A few years ago I wrote the following words, as part of this review:
As Heidi Kohlenberg has noted, for all his gutsy glumness, Turgidovsky is the master of faintly comic desperation. The fact is, he has no real staying power. In fact, I fear that he fears complete desperation. In fact, he clearly fears it as well, which probably explains his post-modern interjection in Chapter Fourteen [of The Lunatic] as well as his personal appearance (surely a self-conscious veil for his inability to be as truly wretched in prose as he would wish?) That’s not to say that there aren’t some winningly pathetic moments in his novel – the storyline with a man who falls in love with a woman based on her cough is a highlight – but in the end, Turgidovksy’s despondency is the type that gnaws. It’s the feather tickling one’s toes, the mouse nibbling at the Gorgonzola. Tortuous in its way, but not what would you call fatal.

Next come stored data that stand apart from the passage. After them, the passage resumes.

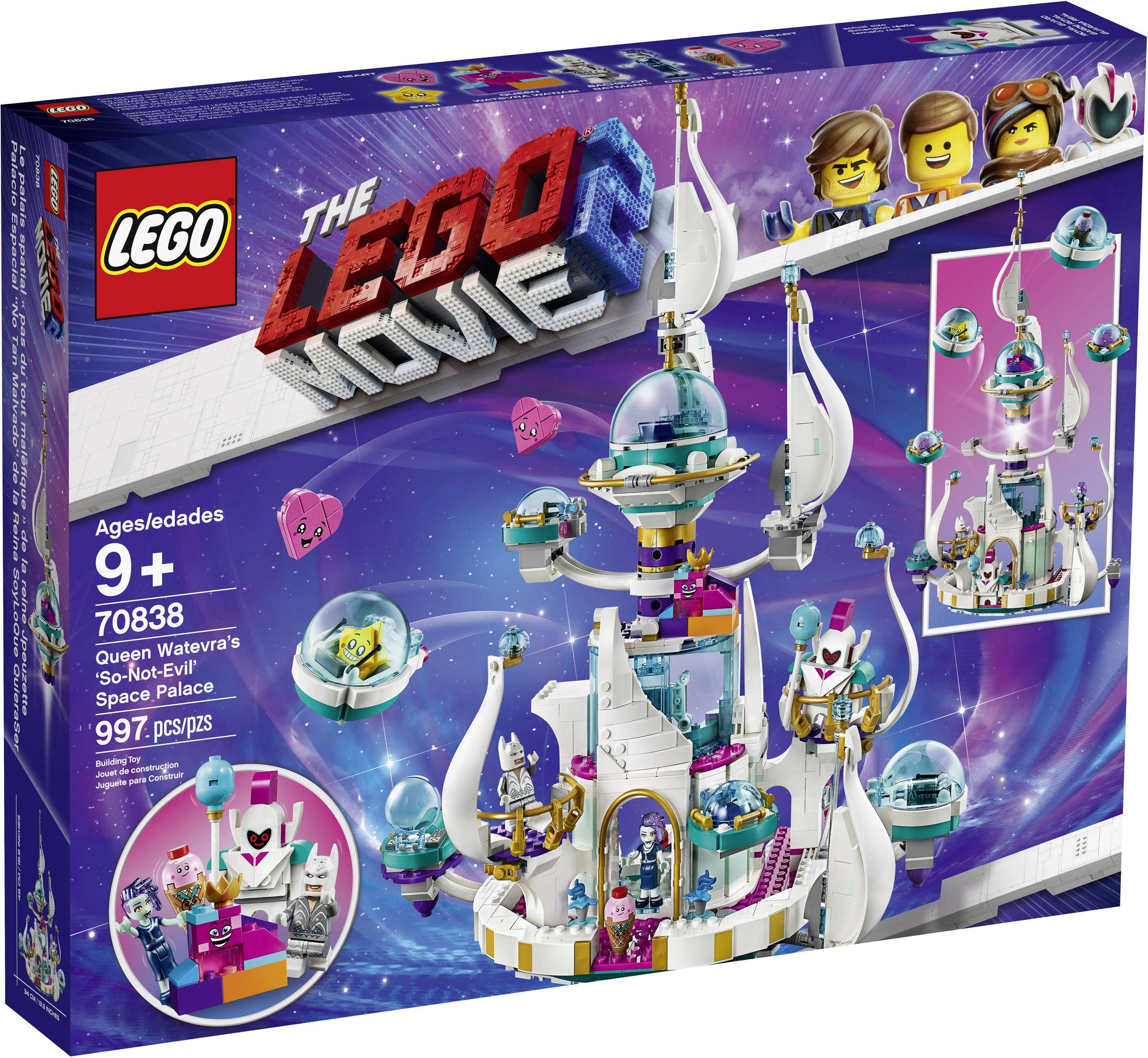 Beim Bauen von Königin Wasimma Si-Willis „gar nicht bösem“ Space-Tempel (70838) erwarten Kinder kosmische Action und tolle Rollenspiele mit ihren Lieblingsfiguren aus dem Blockbuster THE LEGO® MOVIE 2™. Dieser farbenfrohe LEGO Spielzeug-Palast verfügt über eine drehbare Spitze mit einer aufklappbaren, abnehmbaren Rakete für Königin Wasimma Si-Willi, abnehmbare Kapseln für andere Figuren, einen Sicherheitsraum, ein detailreiches Esszimmer und ein DJ-Pult für kreatives Spielvergnügen. Ein fantastisches Bauset für Kinder und Fans von THE LEGO MOVIE 2, die nichts lieber tun, als ihre Lieblingsszenen nachzuspielen und sich eigene Geschichten mit einer Minifigur, einer Spielfigur und 6 Figuren zum Zusammenbauen auszudenken.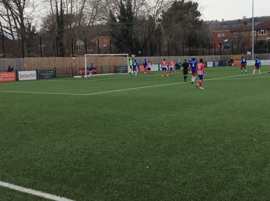 Deep into injury time, it could have been six for Dorking when Rutherford was off target from Luke Moore’s through ball. The referee put the Wings out of their misery moments later.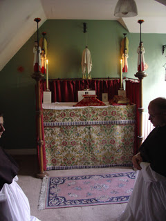 Fr Venuti takes inspiration in this little altar in the guest house chapel of Ealing Abbey. So did I to some extent, as my chapel shows, especially for the exact appearance of a hanging pyx. Downside Abbey in England is also very English.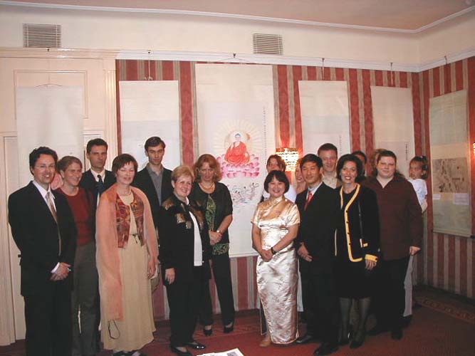 【明慧网2002年5月14日】5月10日,欢庆大法在世间洪传十周年之际,在奥地利艺术名城萨尔茨堡举办了章翠英在奥地利的第二场画展。画展在萨尔茨堡市中心的一家有名的豪华宾馆隆重举行。在开幕式上,章翠英向近百名来宾展示了源于真善忍的中国传统文化艺术的深邃内涵。并通过自己在中国的亲身经历,向人们揭露了在中国江泽民集团对法轮功修炼者的迫害。当地的报纸发表了展览的公告,并派记者参加了开幕式。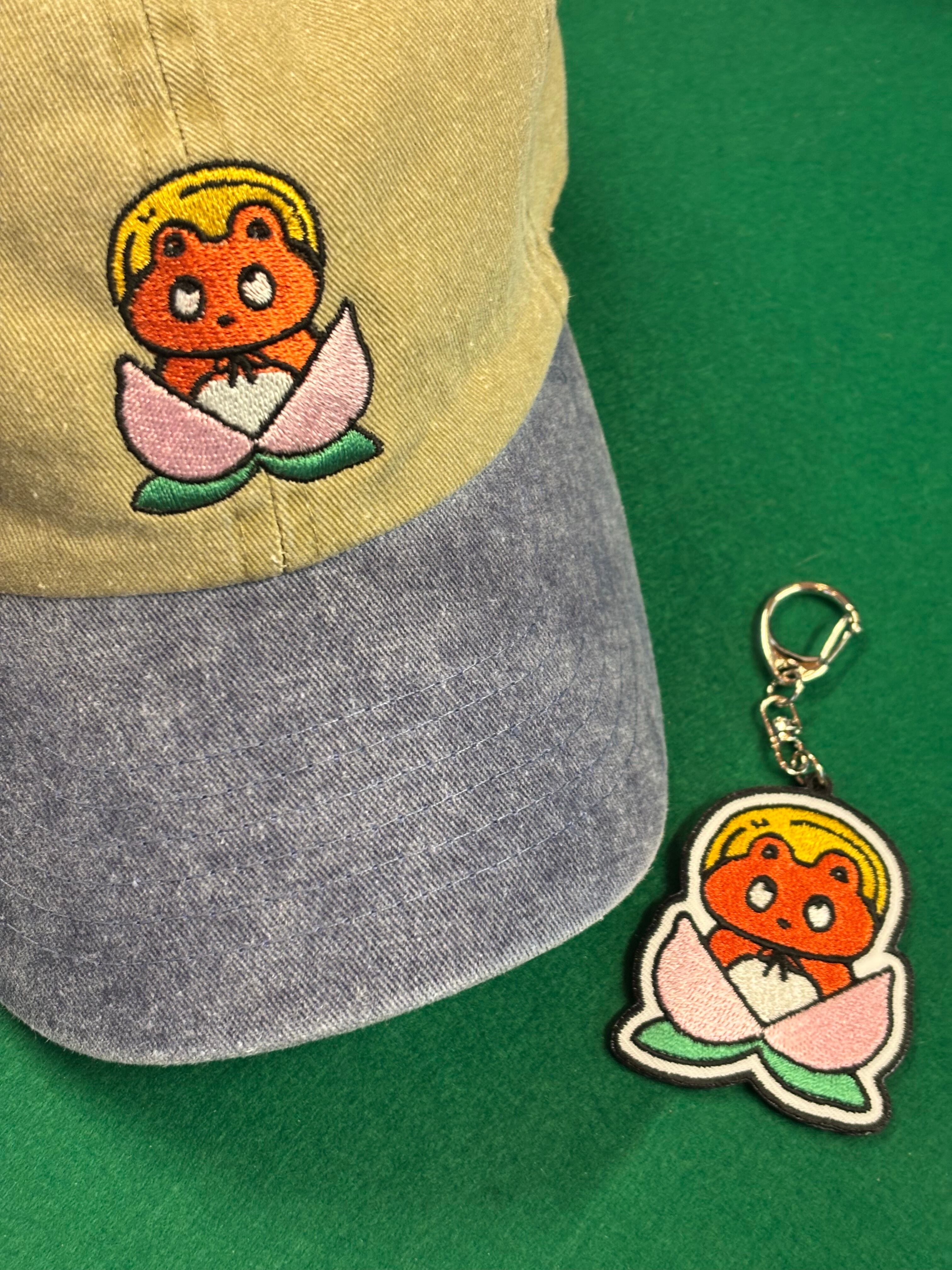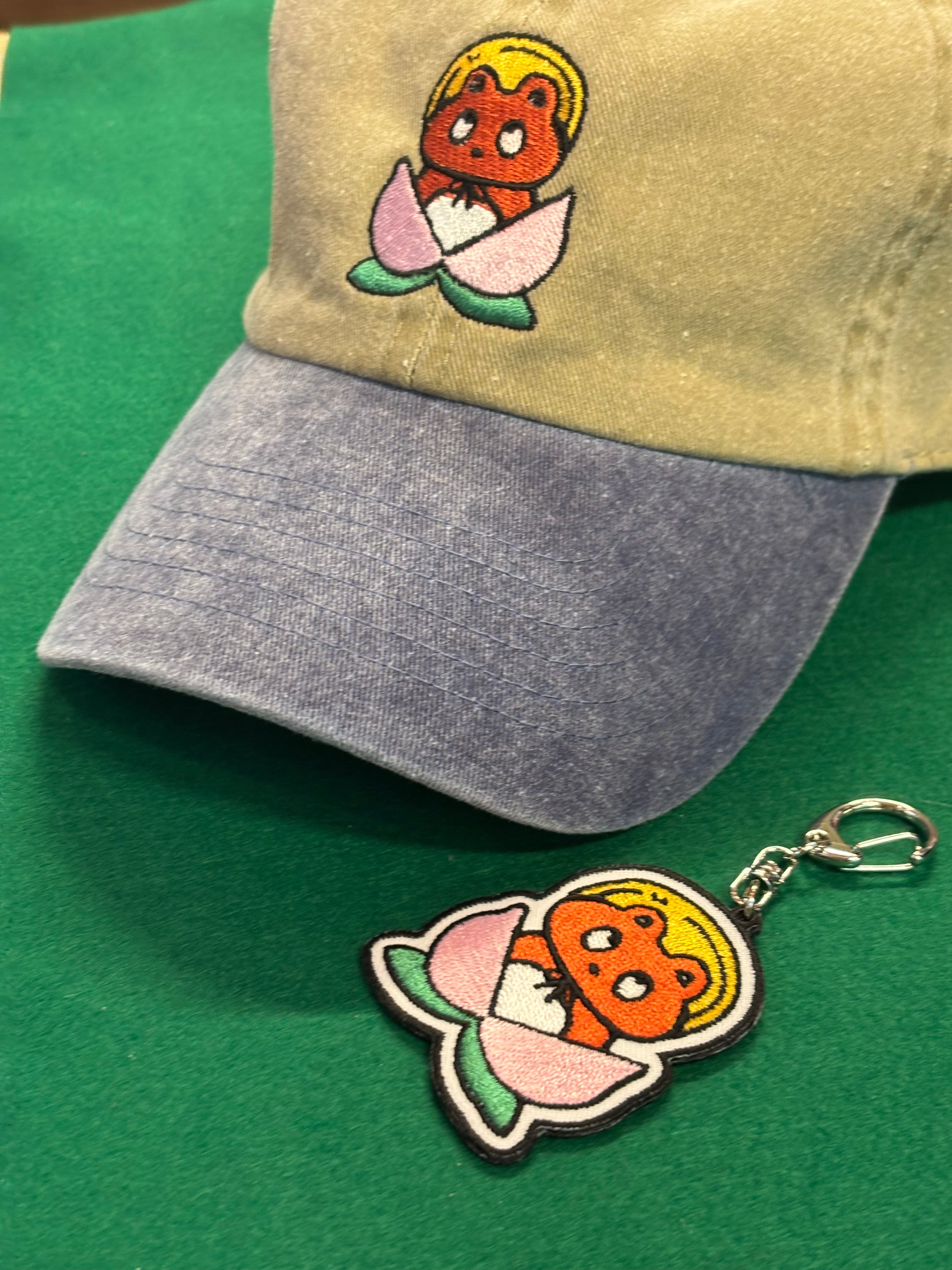 ヒダカナオトが描くぼんやり子だぬきが「桃から産まれたぼんやり子だぬき」になって刺繍のキーホルダーになりました。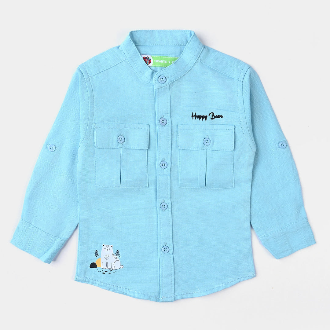 Infant Boys Cotton Slub Casual Shirt Oh My Bear-SKY BLUE
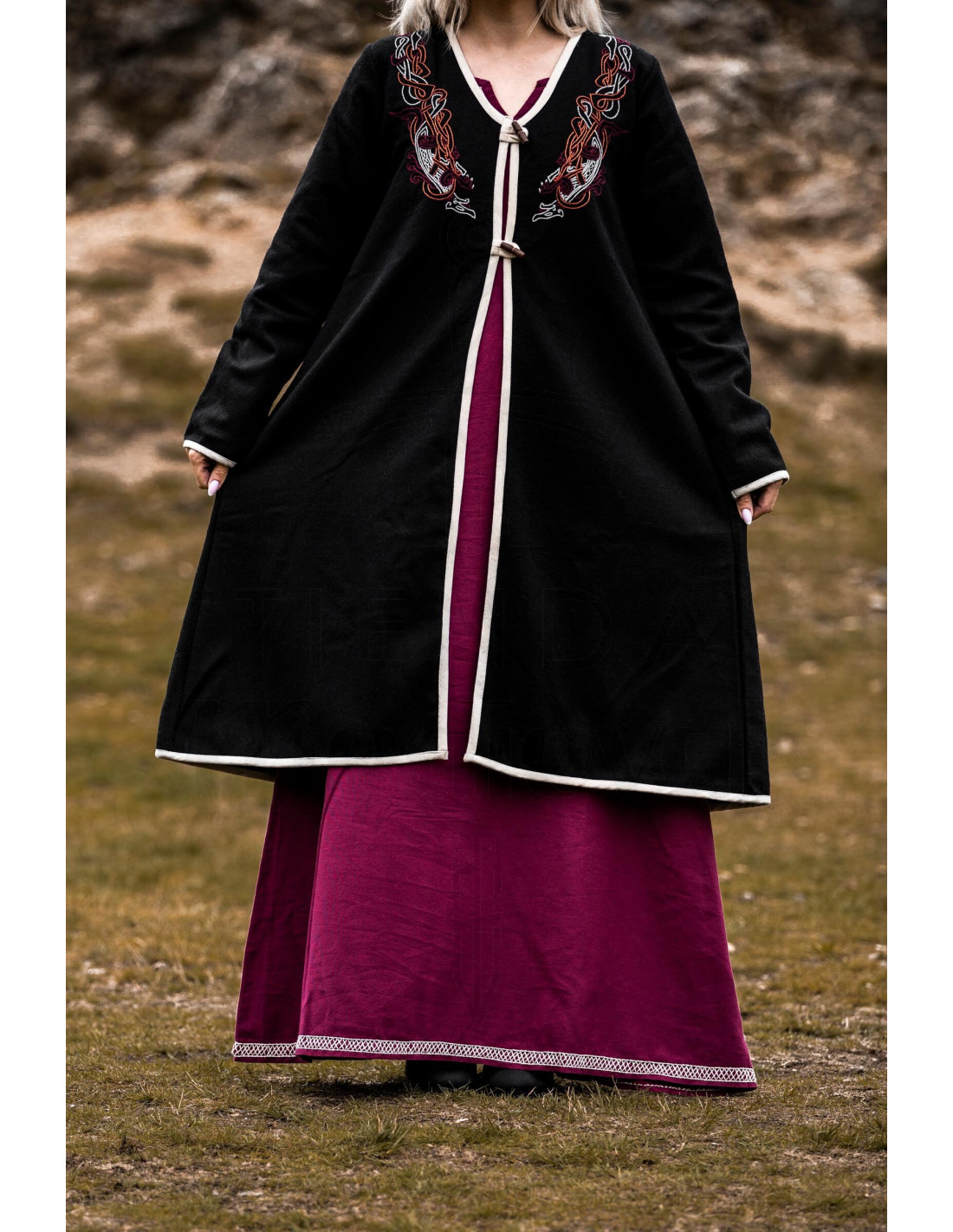 Den forreste lukning med træknapper tilføjer en varm og nem betjening, designet til hurtigt at justere tøjet. Den kontrasterende kant og broderierne på brystet, inspireret af Urnes-stilen, tilføjer en kunstnerisk detalje, der fremhæver ethvert sæt og understreger forbindelsen til forhistoriske traditioner, uden at være overdrevet.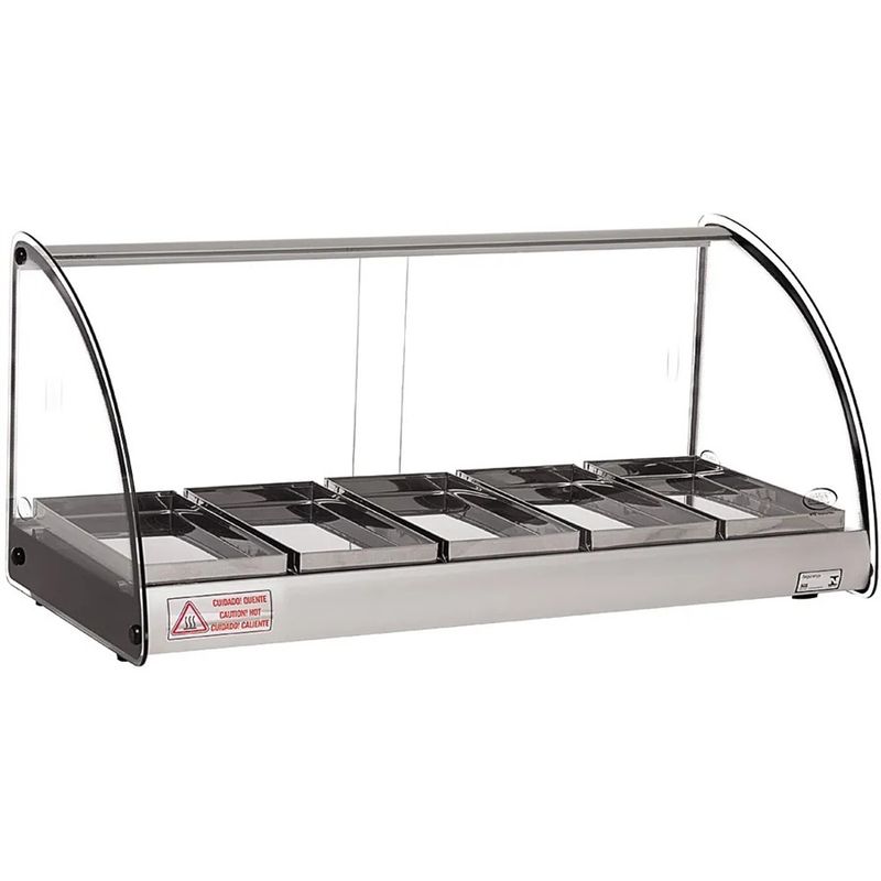 Desenvolvida com vidro temperado curvo, esta estufa oferece uma visualização perfeita, mantendo a temperatura ideal dos alimentos com um termostato preciso. A estrutura robusta é feita de alumínio anodizado e aço inox, com bandejas também em aço inox, assegurando durabilidade e facilidade de limpeza.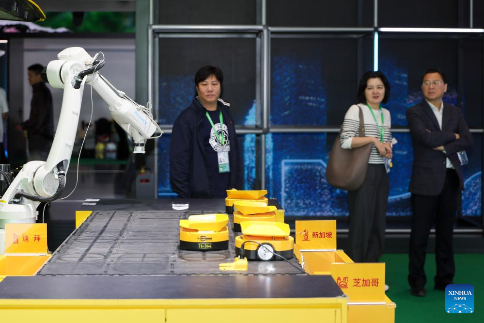 People look at a smart logistics system at the booth of DHL at the Trade in Services Exhibition area during the eighth China International Import Expo (CIIE) in east China's Shanghai, Nov. 9, 2025. The Service Trade Exhibition Area at this year's CIIE focuses on resource integration, attracting leading global service providers and industry clusters while enhancing the coordinated and open development of the service and manufacturing sectors. This creates more specialized enabling services to offer enterprises new opportunities for shared growth. (Xinhua/Wang Xiang)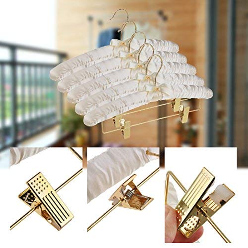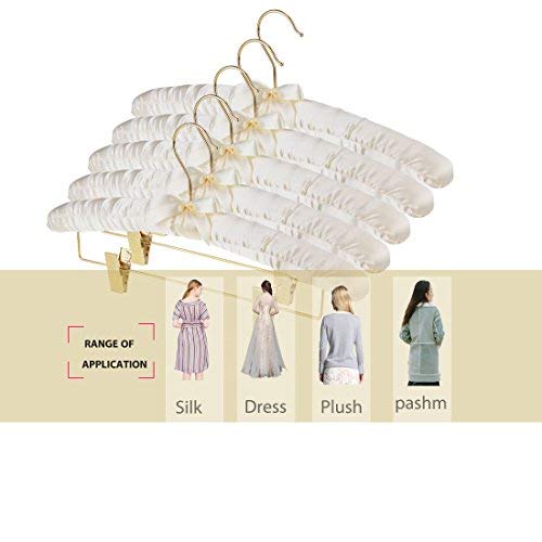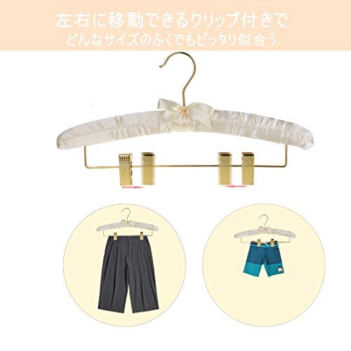 DEWEL スポンジハンガー サテンハンガー 布ハンガー クリップ付き リボン付き 布製 シルク ふっくらハンガー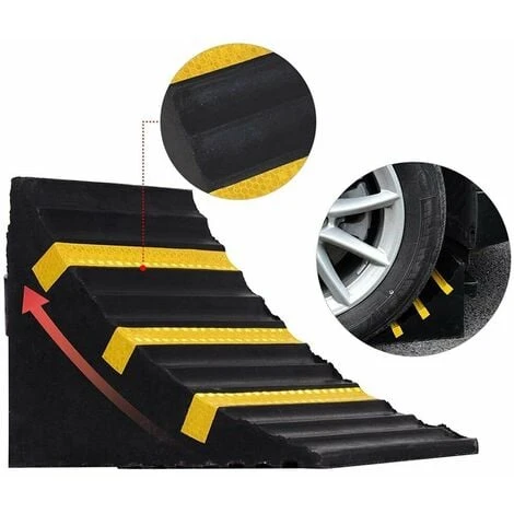 1 x Set 2 Cunei Bloccaruote Fermaruote Gomma Dura Ferma Ruota Ruote Catarifrangenti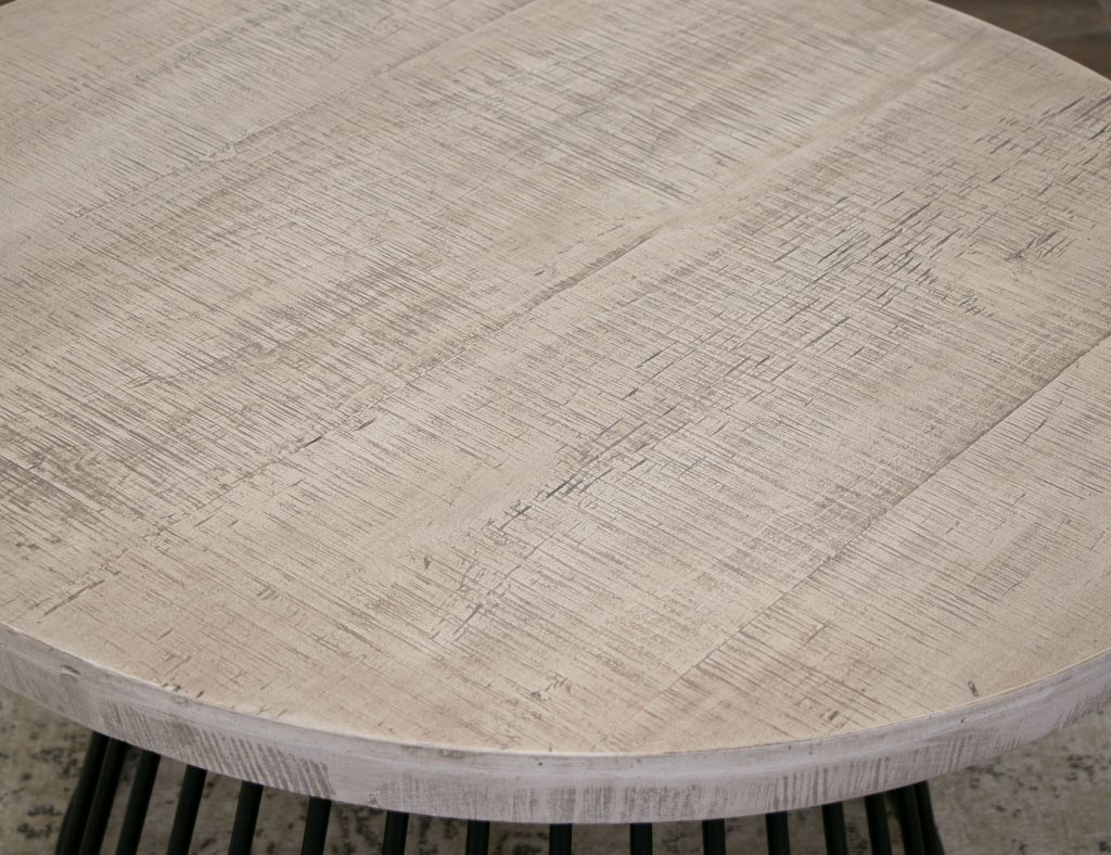 • Embrace the perfect blend of rustic charm and transitional elegance with the Cosala collection. Crafted from solid pine, this piece boasts a distressed finish, accentuated by wormholes across its top surface. The bi-color finish and stunning handwrought metal base add depth and character, creating a visually captivating focal point that seamlessly bridges the gap between traditional and contemporary aesthetics.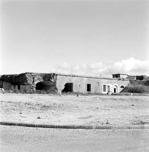 Vue du réduit de Quélern en 1969 : extrémité nord de la caserne casematée en partie détruite par les bombardements de 1944Immatriculation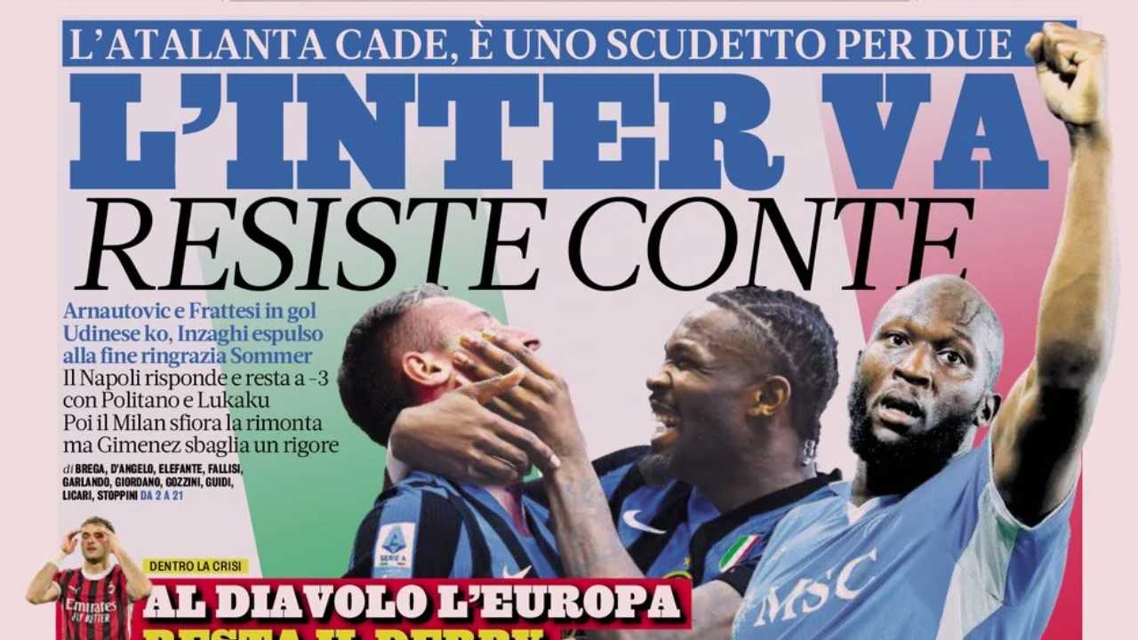 “L’Inter va. Resiste Conte” è il titolo della Gazzetta dello Sport. Il riferimento, chiaramente, è ai risultati raccolti dall’Inter e dal Napoli nell’ultimo turno di Serie A. I nerazzurri hanno vinto 2-1 contro l’Udinese. La squadra campana, con lo stesso risultato, ha superato il Milan.

What was I thinking? I seem to have underestimated the severity of Turgidovsky’s glumness, mistaking it instead for ‘faintly comic desperation’. I even go so far as to describe his particular brand of misery as a ‘feather tickling one’s toes’! This is, I think, a grievous error. Turgidovsky has never wielded a feather. He lays sadness on in spades, throughout his entire ouevre. It has been said (on many an occasion) that his sense of desperation is so acute that it comes back around again to jubilation, but I for one am beginning to doubt this. The Lunatic, admittedly, has its comic moments: a multitude of them, in fact. But it doesn’t even come close to gnawing at one’s heart. This is a book that smashes hearts with a wordy mallet. The same applies to Delicious Air of Life. Now there is a novel dowsed in despair, awash with wailing and suffused with solemnity. Turgidovsky takes despondency much more seriously than I have ever given him credit for. We pretend to laugh, perhaps, because we cannot conceive the depth of what he is doing. Were we able to do so, rest assured the smiles would drop off our faces, sink to the floor and be crushed, definitively, beneath our calloused feet.